> _Task input_:
##########

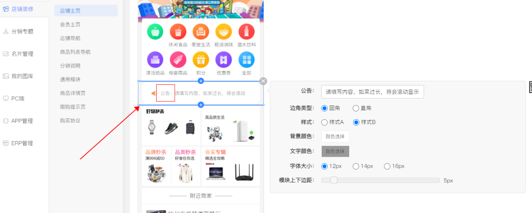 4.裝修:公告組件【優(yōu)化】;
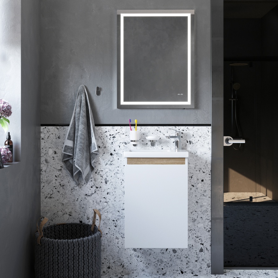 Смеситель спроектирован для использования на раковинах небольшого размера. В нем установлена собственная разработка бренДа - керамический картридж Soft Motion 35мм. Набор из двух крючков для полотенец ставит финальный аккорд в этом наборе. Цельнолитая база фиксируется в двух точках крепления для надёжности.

##########

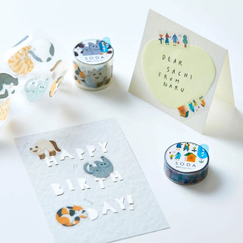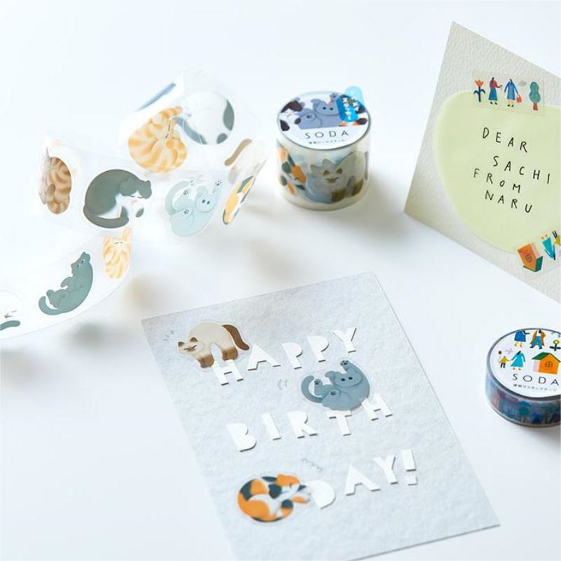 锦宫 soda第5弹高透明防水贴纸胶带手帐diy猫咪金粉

##########

> _Task instructions_:
Exact copy, no pictures. Write out the lines in the entries above, starting with the line with "4.裝修:公告組件【優(yōu)化】;" and going on through the line with "Смеситель спроектирован для", keeping both.

> _Output of the task_:
 4.裝修:公告組件【優(yōu)化】;
 Смеситель спроектирован для использования на раковинах небольшого размера. В нем установлена собственная разработка бренДа - керамический картридж Soft Motion 35мм. Набор из двух крючков для полотенец ставит финальный аккорд в этом наборе. Цельнолитая база фиксируется в двух точках крепления для надёжности.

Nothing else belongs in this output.